Would they not be covered under warranty?

As well, the GM service parts may be of a different durometer than the ones installed at the factory.


----------



## pandrad61 (Jul 8, 2015)

I have not seen any so far, its not a popular car to mod and road race as such no need for adjustable control arms or performance for that matter. if your good with math, measuring, and welding you could always make some and use heim joints like the ones on the 4x4 long arm kits


----------



## Kraiger (Oct 19, 2014)

No not covered. Im in a battle right now with the local dealer over that. The car went in with complaints before 36000 with pulling issues. The tech said there was wear on one side of the car and the other side of the car had a bent rim. But he never looked into why the wear was happening. So at 36500 i did an oil change and other things and found worn bushings. Called at told them and they said its out of warranty no so there is nothing they can do even though it was in for the same complaint before 36000. O well, im ready to move on and upgrade if possible.


----------



## diesel (Jun 8, 2013)

Kraiger said:


> No not covered. Im in a battle right now with the local dealer over that. The car went in with complaints before 36000 with pulling issues. The tech said there was wear on one side of the car and the other side of the car had a bent rim. But he never looked into why the wear was happening. So at 36500 i did an oil change and other things and found worn bushings. Called at told them and they said its out of warranty no so there is nothing they can do even though it was in for the same complaint before 36000. O well, im ready to move on and upgrade if possible.


Reach out to the nice GM customer service folks on this forum. Since you took it in before 36K and had it fully documented, they should be able to help. 
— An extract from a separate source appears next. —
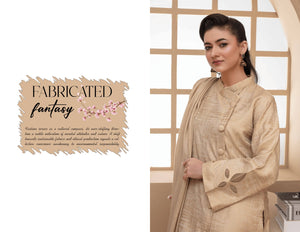The Fabric: Textured Warmth Crafted from premium Dyed Winter Jacquard, this fabric features a rich, self-woven pattern that adds depth and character to the solid beige tone. It captures the light with a soft, champagne-like sheen, offering a look that is both festive and sophisticated.

I guess some components unexpectedly wear like that. I only got 61K miles out of the wheel bearings. Now on my second set 93K miles so far and no further issues.


----------



## Chevy Customer Care (Oct 29, 2011)

> No not covered. Im in a battle right now with the local dealer over that. The car went in with complaints before 36000 with pulling issues. The tech said there was wear on one side of the car and the other side of the car had a bent rim. But he never looked into why the wear was happening. So at 36500 i did an oil change and other things and found worn bushings. Called at told them and they said its out of warranty no so there is nothing they can do even though it was in for the same complaint before 36000. O well, im ready to move on and upgrade if possible.




Hello Kraiger, 

I am sorry to hear that you are experiencing this concern and understand how frustrating this must be since you brought this to your dealership?s attention before 36000 miles. I would be happy to reach out on your behalf as an extra layer of assistance. Please send a private message with your full contact information, VIN, current mileage, and the name of the dealership that you are working with. Please include any questions or concerns you may have in your message. 
Looking forward to your message. 

Cecil J. 
Chevrolet Customer Care


----------



## Kraiger (Oct 19, 2014)

PM'ED!!!! Thanks


----------